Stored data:
______
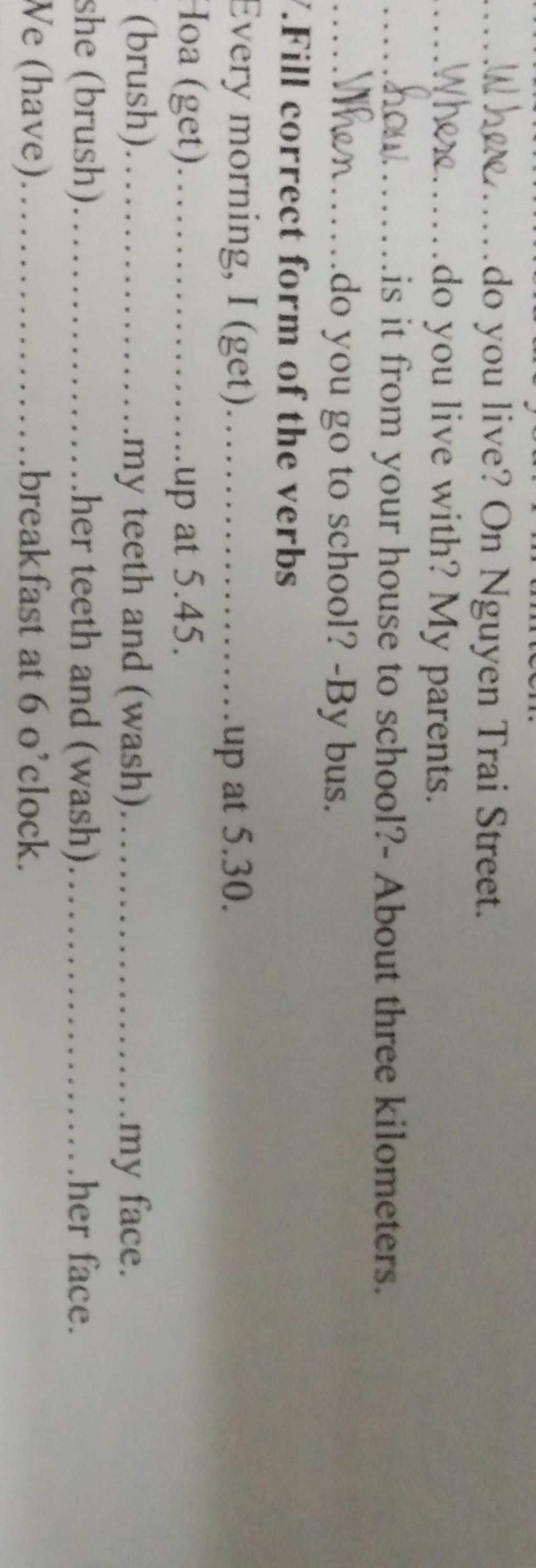 -> Vì sau I là V_o nên brush -> brush, wash -> wash.
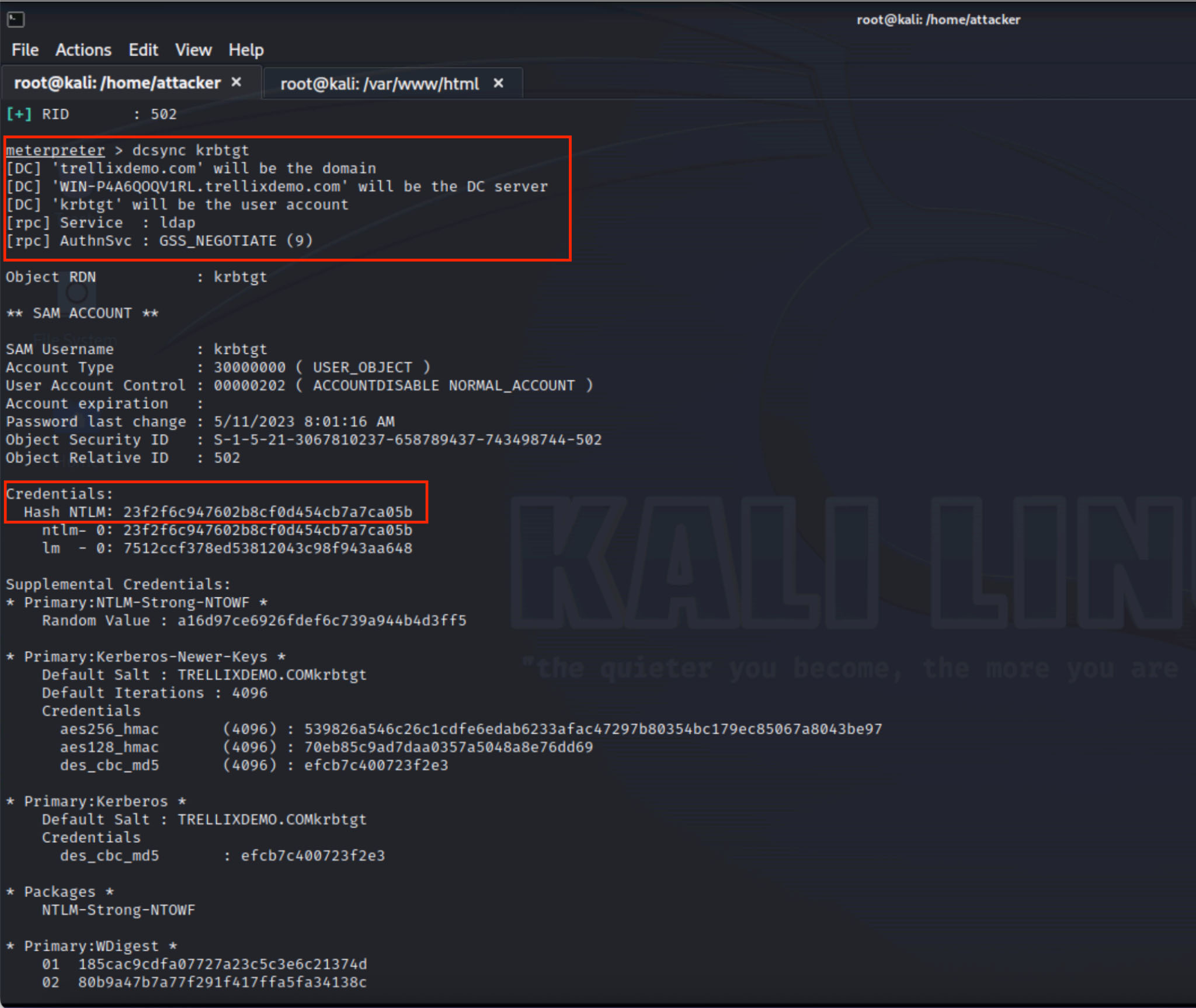 The ultimate prize of this technique is the master key of the Active Directory server - the krbtgt hash. Once captured, it grants the attacker golden ticket capabilities, providing near-permanent, absolute control over the entire domain. While often associated with tools like Mimikatz, attackers can execute DCSync via various platforms, including Meterpreter shells and custom scripts.
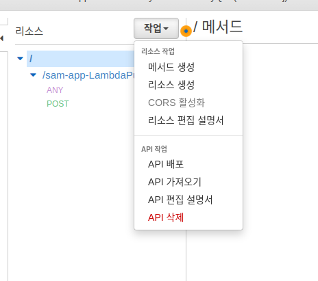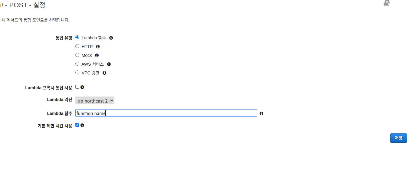 먼저 API gateway의 리소스에서 메서드 생성을 진행하고 POST 선택 후 생성을 진행합니다.
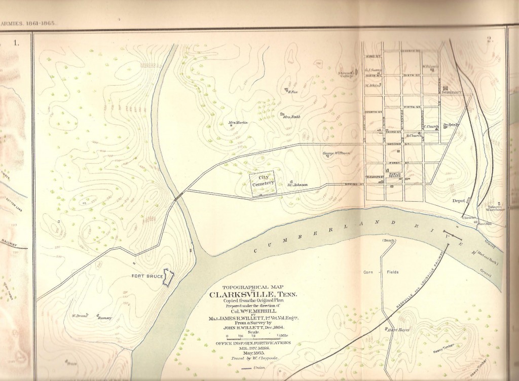 1865 Map Of Clarksville Showing Ft. Defiance/Ft. Bruce
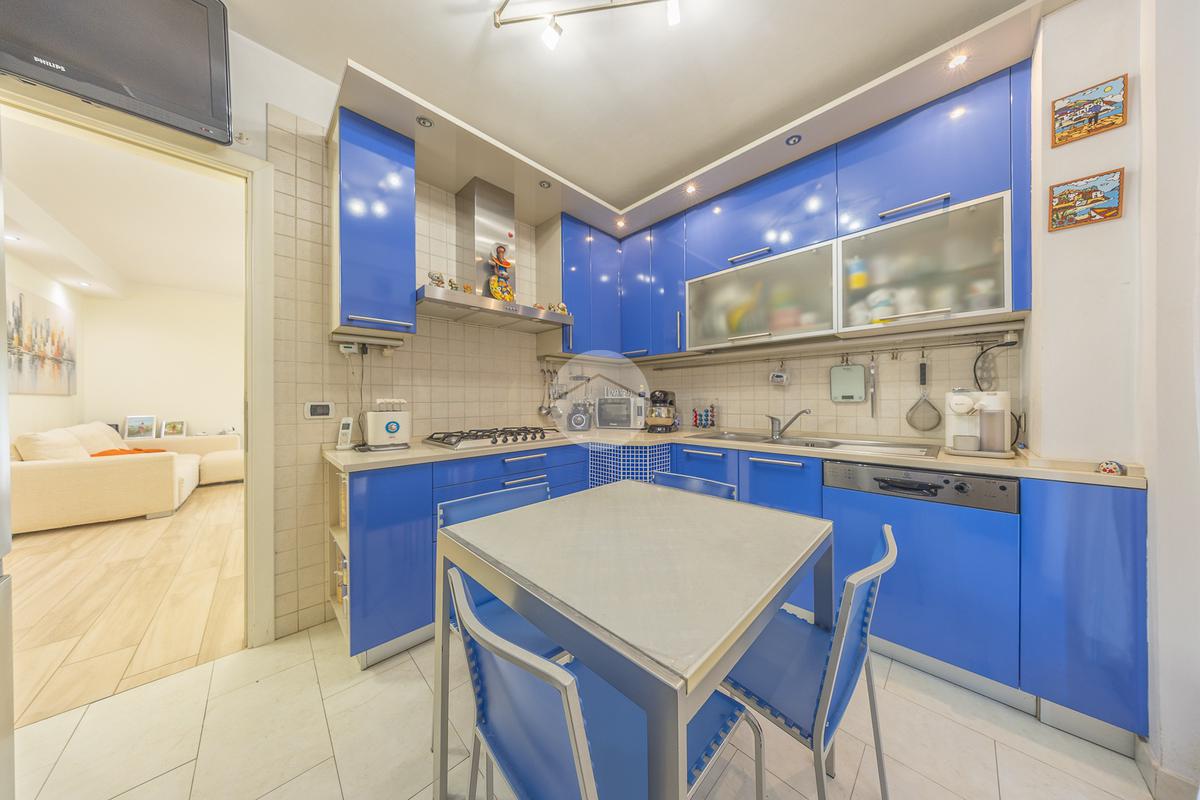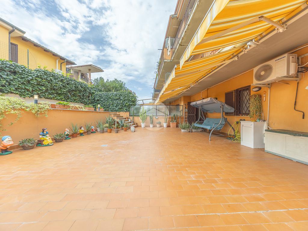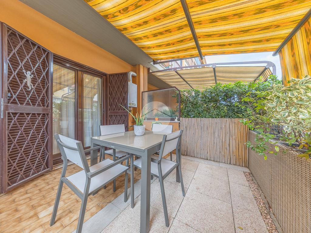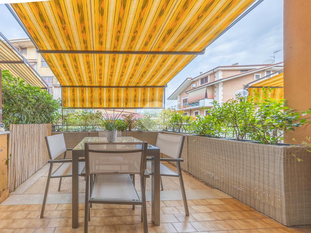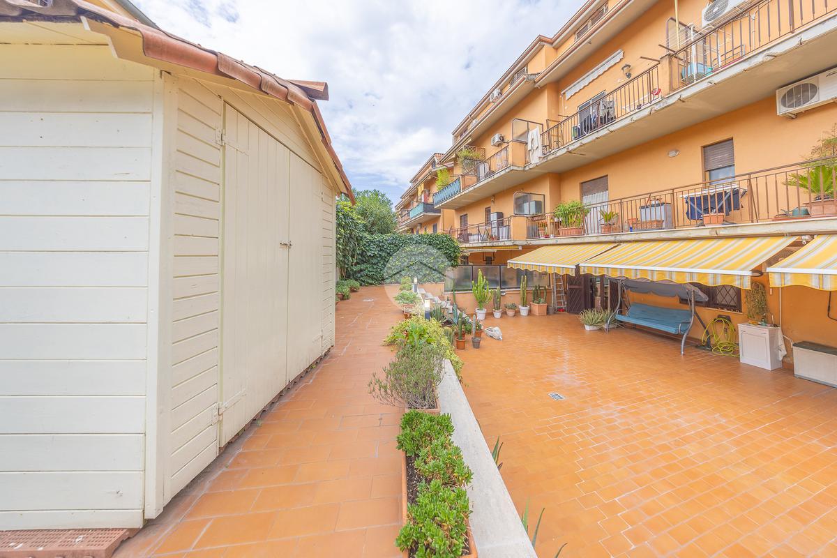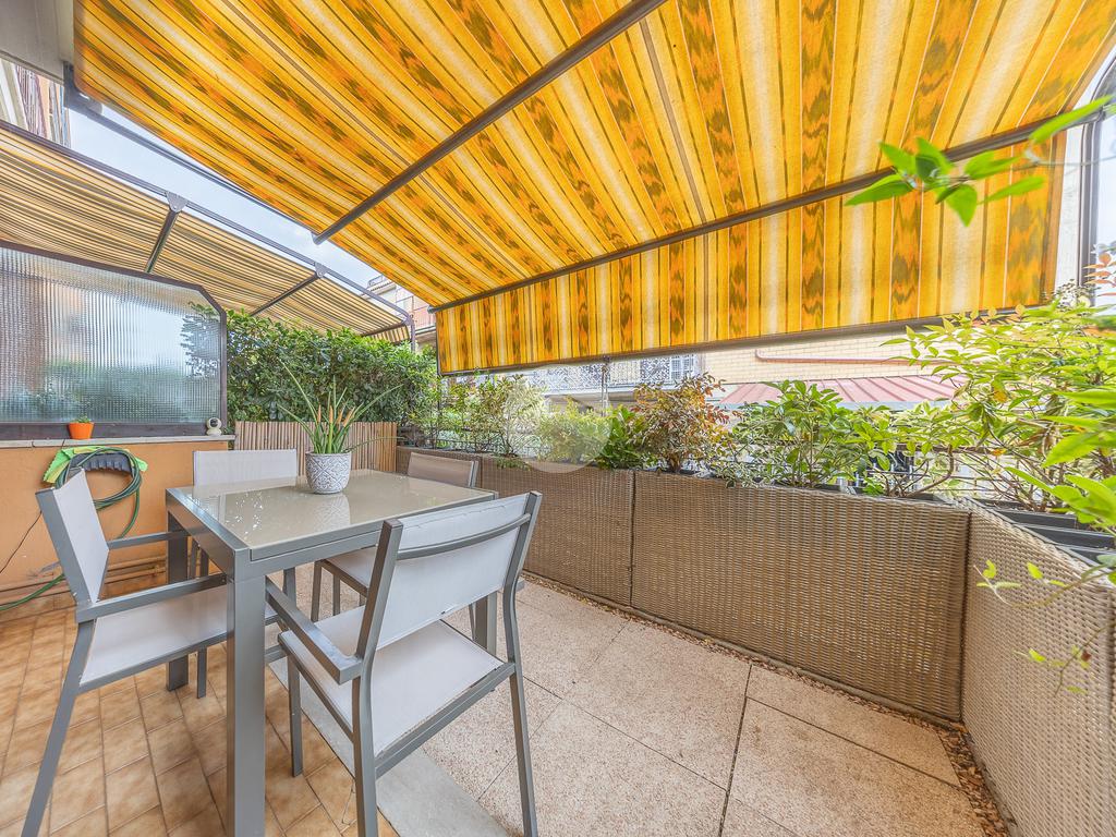 Attraverso una porta finestra si accede direttamente al terrazzo di 130mq, dove sono disposti un gazebo bioclimatico con impianto fotovoltaico di 1 KW, ideale per momenti di relax all'aperto, un gabbiotto per riporre i propri attrezzi, barbecue, e tende da sole. Adiacente alla zona giorno si trova una spaziosa cucina abitabile completa di un secondo terrazzo arricchito da vasi di rattan, tende da sole, zanzariere e videocamere di sorveglianza.
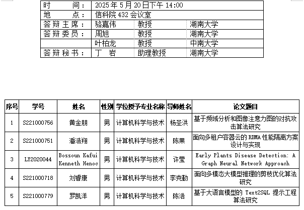 第一会所 (计算机科学系)2025年5月20日硕士答辩公告(2)
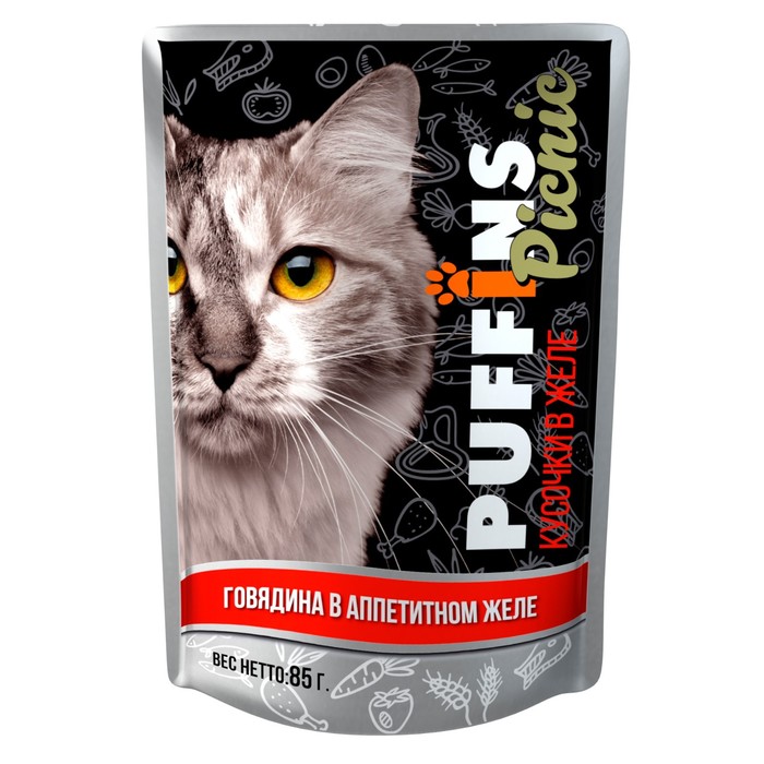 Влажный корм "Puffins picnic" для кошек, говядина в желе, 85 г
______
Work required >>
Any picture found in the data is to be skipped while the rest is copied exactly.

Answer area >>
 -> Vì sau I là V_o nên brush -> brush, wash -> wash.
 The ultimate prize of this technique is the master key of the Active Directory server - the krbtgt hash. Once captured, it grants the attacker golden ticket capabilities, providing near-permanent, absolute control over the entire domain. While often associated with tools like Mimikatz, attackers can execute DCSync via various platforms, including Meterpreter shells and custom scripts.
 먼저 API gateway의 리소스에서 메서드 생성을 진행하고 POST 선택 후 생성을 진행합니다.
 1865 Map Of Clarksville Showing Ft. Defiance/Ft. Bruce
 Attraverso una porta finestra si accede direttamente al terrazzo di 130mq, dove sono disposti un gazebo bioclimatico con impianto fotovoltaico di 1 KW, ideale per momenti di relax all'aperto, un gabbiotto per riporre i propri attrezzi, barbecue, e tende da sole. Adiacente alla zona giorno si trova una spaziosa cucina abitabile completa di un secondo terrazzo arricchito da vasi di rattan, tende da sole, zanzariere e videocamere di sorveglianza.
 第一会所 (计算机科学系)2025年5月20日硕士答辩公告(2)
 Влажный корм "Puffins picnic" для кошек, говядина в желе, 85 г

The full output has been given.